3 haneli enflasyon tehlikesi 

Bretton Woods para sisteminin 1971’de terki ve 1970’lerin ortalarında ağırlaşan petrol krizleriyle beraber devam eden küresel ekonomik krizlerin çoğunun temelinde ya kamu borcunun parasallaştırılması ya da dolara endeksli çeşitli sabit kur rejimlerinin sürdürülememesi yatıyor.  2008’de başlayan küresel krizin etkilerinin Covid krizi ile birleşmesi sonucu FED ve AMB başta olmak üzere büyük merkez bankalarının “yaratıcı” araçları devreye soktuğu bir gerçek. Yüklü miktarlarda dolar ve euro yaratmak suretiyle reel ekonomilere verdikleri teşvikler, TLTRO’lar gibi yeni mekanizmalar aracılığıyla şirketlere ulaştırılıyor.  Fakat bu ülkelerin hiç birinde Türkiye ekonomisinin temel ve yapısal sorunu olan yüksek enflasyon yok. Türkiye’de Mart itibarıyla yüzde 16.2 olan TÜFE enflasyonu önümüzdeki birkaç ay içinde yüzde 20’ye, belki de daha üzerine yönelmek üzere. Kredi artış hızı da çoktan yüzde 10’un üzerine çıkmış durumda ve hızlanıyor.   Merkez Bankası’nın para basarak, bankalara ucuz kredi vermek için yönlendirilmesi ve bunun sonucunda bankaların yeni bir kredi dalgası yaratması tam anlamıyla bir “genişlemeci para politikası” anlamına geliyor.

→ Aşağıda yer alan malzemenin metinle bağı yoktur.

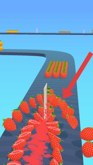 1、切割水果闯关:赛道上有多种水果,需不断切割它们,切割越整齐得分越高,配合了跑酷的节奏完成切割任务,感受到了精准操作的爽快。
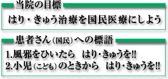 | 当院は、これからの高齢化社会を支える20〜50歳代の社会人の健康管理及び病気回復をモットーにした治療院として1987年(昭和62年)2月2日に開設いたしました。 |
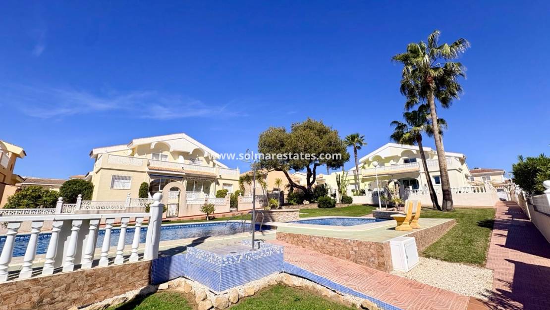 El jardín privado da acceso a la zona comunitaria con piscina, perfecta para refrescarse en los cálidos días de la Costa Blanca. El porche cubierto ofrece un espacio extra muy práctico y cómodo.
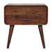 • Avora 3-Drawer Chestnut Nightstand - A perfect blend of mid-century design and everyday functionality, this nightstand is handcrafted from 100% Solid Mango Wood in a rich chestnut finish. Featuring a gracefully curved structure, it includes three compact drawers adorned with brass knobs and a sleek brass handle, offering convenient storage for your essentials. The tapered Nordic-style legs add a touch of elegance, making it a versatile addition to any bedroom or living space. Durable, sustainable, and stylish, this timeless piece effortlessly enhances your home with its refined craftsmanship and practical design.
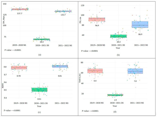 Low drought index (DI) values also confirmed the pronounced depressing effect of drought: 0.63 (DI PH); 0.63 (DI NDVI); 0.50 (DI DH); 0.27 (DI Yield). The NDVI vegetation index, widely used to assess vegetation condition and predict crop yields [61], also showed a decrease from 0.78 to 0.81 (2020, 2022) to 0.51 (2021), confirming the predictive value of NDVI, which is a sensitive indicator of plant response to agrometeorological conditions during a specific growing season. Strong positive correlations between the NDVI, growth indicators, and yield confirmed their value as stress indicators. This confirms that drought during critical phases of plant development significantly limits the realization of crop production potential.
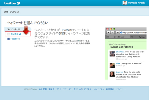 | 【Twitterの設定】 「ウィジェットを選んでください」画面で「自分のサイト」をクリックします。 |
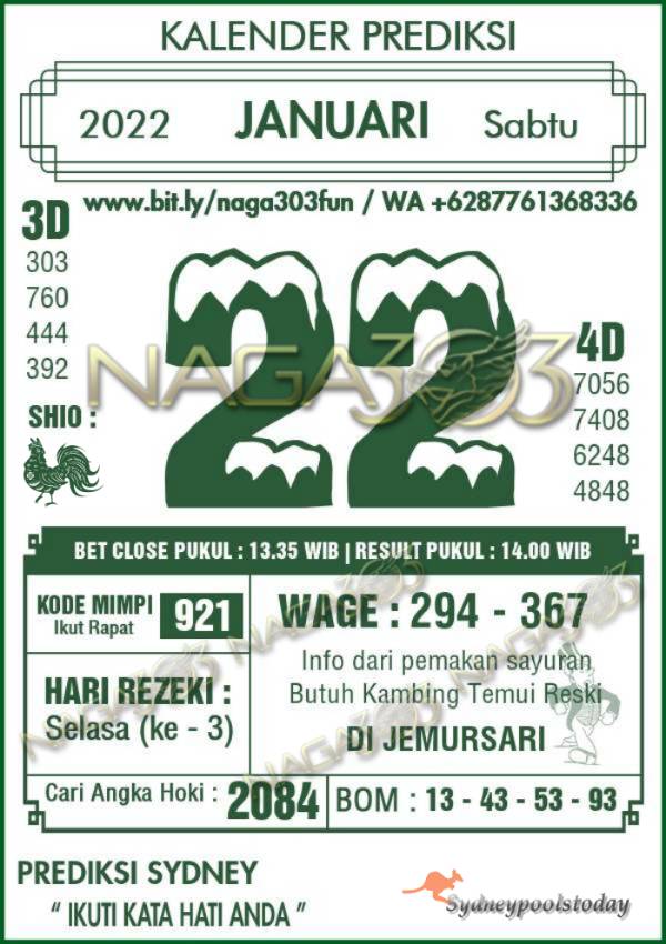 Prediksi Sydney Pools Sabtu 22 Januari 2022
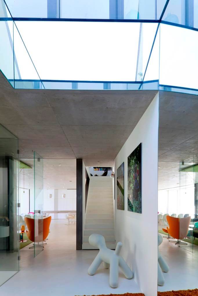 …das Erdgeschoss ist eine in jeder Hinsicht offene Fläche, auf welcher lediglich die durchgehende Glasfassade einen Kalt- und einen Warmbereich definiert…
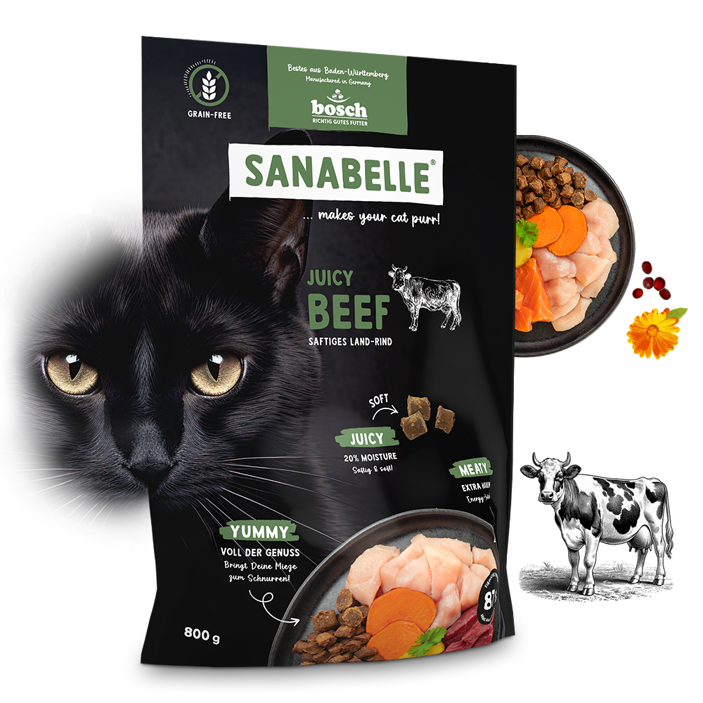 Pro skutečné milovníky masa mezi sametovými tlapkami: Sanabelle Juicy s šťavnatým hovězím masem z venkovského chovu přináší extra porci rozmanitosti a potěšení do misky – den co den. Měkké, aromatické a voňavé granule kombinují obzvláště velké množství čerstvého hovězího masa z venkovského chovu s jemným kuřecím masem a přimějí k vrnění radostí i ty nejvybíravější kočky. S extrémně vysokým podílem živočišných bílkovin (87 % celkových bílkovin) je toto bezobilné kompletní krmivo nejen neuvěřitelně chutné, ale také obzvláště bohaté na živiny – ideální pro aktivní kočky s vytříbeným vkusem a velkým apetitem. ---
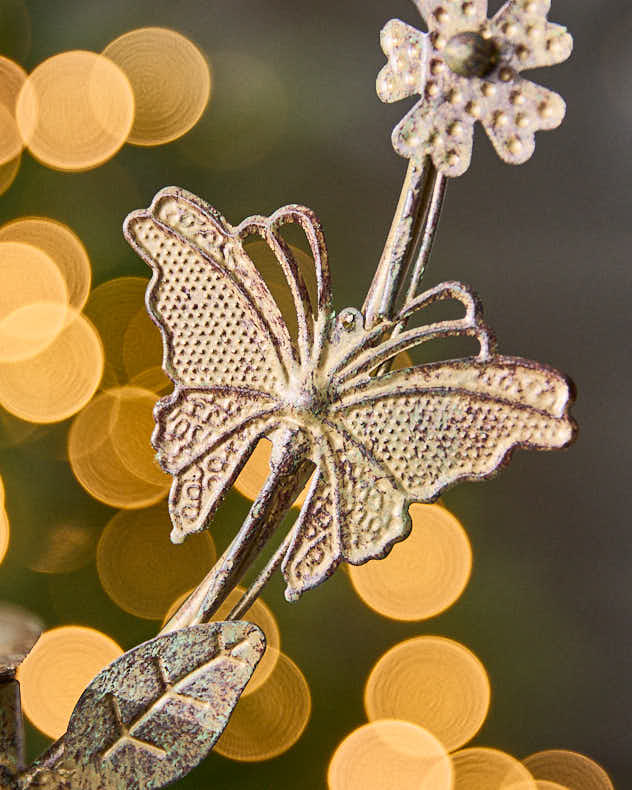 Diese messingfarbene hängende Herz-Vogelschale ist das perfekte Accessoire für Ihren Garten , wenn Sie Vögel gerne singen sehen und hören. Dieses herzförmige Vogelhäuschen besteht aus hochwertigem Recyclingeisen und ist mit einem wunderschönen Rankenmotiv um den herzförmigen Rahmen sowie wunderschönen dekorativen Schmetterlingen, Blumen und Blättern verziert.
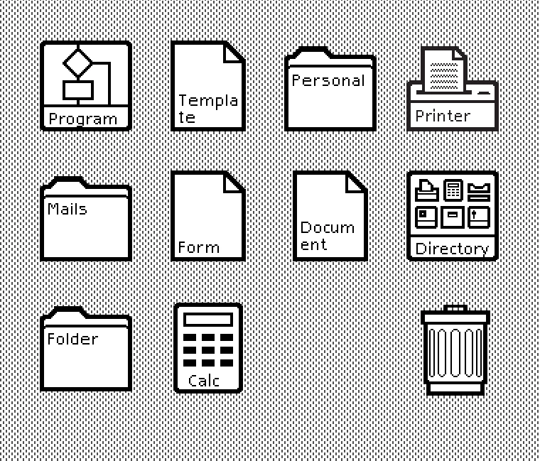 노엄 콕스 (Norm Cox)가 디자인한 제록스 스타(Xerox Star) 8010 아이콘(1981)
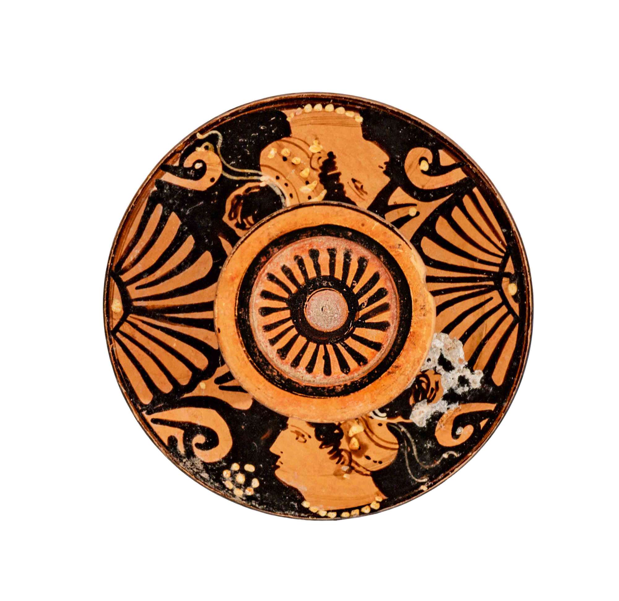 Presa con orlo revoluto modanato; tondo centrale ribassato, inclinato verso il tondello mediano incavato; stelo dal profilo leggermente concavo, con l’attacco con la calotta appena insellato; spalla obliqua; orlo verticale dal profilo leggermente concavo e rastremato verso l’interno. Sulla presa, entro due circonferenze concentriche a vernice nera, motivo a raggiera in nero; circonferenza superiore della presa a risparmio; bordo verticale della presa verniciato (in parte evanido evanido) nella parte superiore; stelo verniciato in nero con fascia a risparmio all’attacco con la calotta. Appoggio e interno della calotta lasciati a risparmio; parte inferiore della presa e parte dello stelo sempre a risparmio. Ai lati dei due quadranti metopali, palmette speculari con foglie squadrate alle estremità, unite da calice centrale a ogiva a risparmio con punto giallo inscritto. Le palmette sono accompagnate ai lati da foglie spiraliformi e da infiorescenze triangolari puntinate in giallo. Nei riquadri metopali coppia speculare di teste femminili con mitra
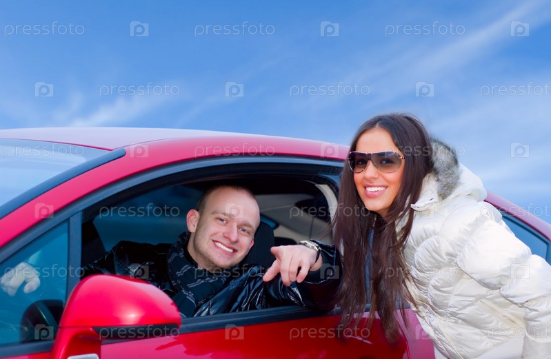 Счастливая пара у автомобиля
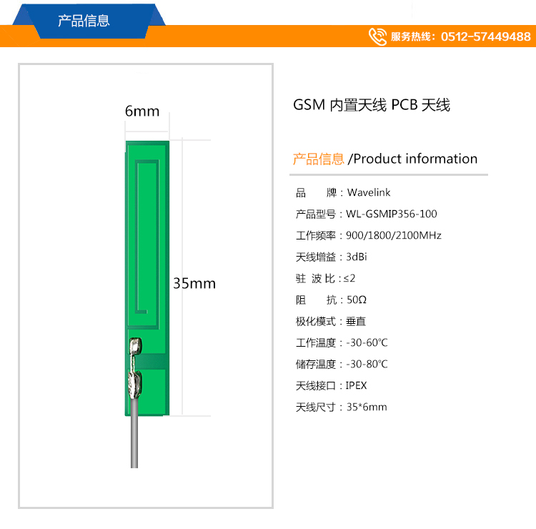 GSM天線內(nèi)置 PCB天線 3dBi高增益 35*6mm
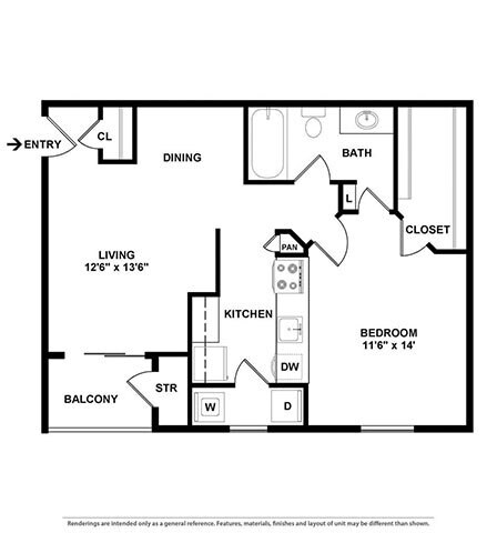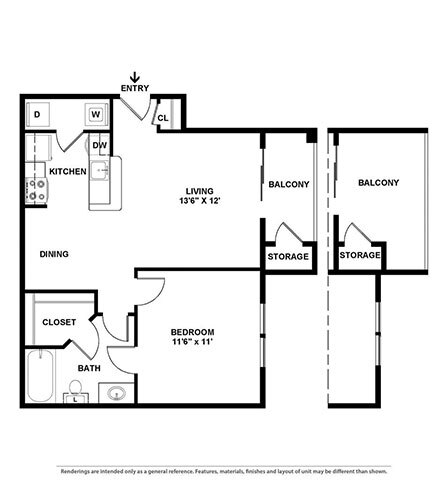 1 Bed, 1 Bath, 665 sq ftAvailable NowModel Gallery

Bu da sıkı para politikası uygulamak üzere politika faizinin çekildiği yüzde 19 seviyesini tamamen etkisiz hale düşürecek bir uygulama.  Kredilerde Mart başından bu yana artış hızının ivmelendiği, iç talebin güçlü seyrettiği, TL’nin değer kaybettiği, TÜFE enflasyonunun yüzde 20’ye yöneldiği bir ortamda Merkez Bankası’na TL bastırarak, bankacılık sistemi üzerinden daha fazla krediyi hem de piyasa faizinin altındaki bir seviyeden teşvik etmek ateşle oynamak demek. Türkiye’de enflasyon seviyesini 1990’lardaki yüzde 100-120 oranlarına hızla taşıyacak bir uygulama olmaya aday görünüyor.